Structure pre-processing and descriptor calculation

All structures were represented in Simplified Molecular Line Entry Systems (SMILES) format and standardized for pH = 7 with MOE, prior to descriptor calculation. Two types of molecular descriptors were computed:

1. MOE 1D–2D descriptors (v2016.08, Molecular Operating Environment, Chemical Computing Group Inc., Montreal, QC, Canada).

2. Dragon 1D–2D descriptors (v7, Kode Chemoinformatics, Pisa, Italy).

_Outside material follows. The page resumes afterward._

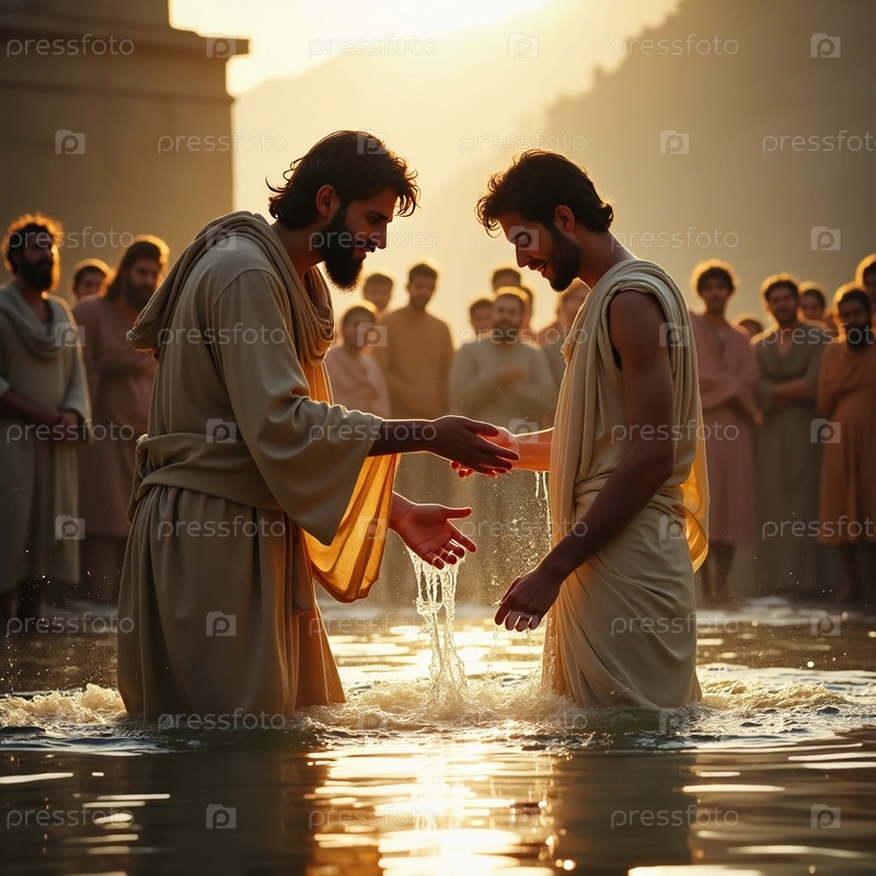 В спокойный момент у реки Иордан Иоанн Креститель крестит Иисуса, когда люди стоят на берегу и наблюдают за этим историческим событием при закате солнца

Descriptors that were non-informative (relative standard deviation <2.5%), missing valued or redundant (R² > 0.95) were removed. For the latter case, the feature with the higher mean R² to all others was removed. This resulted in 120 MOE descriptors and 1188 Dragon descriptors. The descriptors were mean–centered and scaled to unit variance prior to any machine learning experiment, in order to avoid biased evaluations due to different descriptor scales.

Machine learning methods

Methodology

100% of the data were split into a five-fold cross-validation set (75%) and an external validation set (25%). To ensure similar log D_7.4-distributions in both splits, the objects were clustered in 10 groups according to their lipophilicity by k-mean clustering, and from each group 25% of the data were randomly left-out. A grid based five-fold cross-validation approach was chosen for re-parameterizing the models and exploring various feature combinations. Final models were re-trained on the entire training set. The robustness of the final models was assessed by 100-times training on y-randomized data.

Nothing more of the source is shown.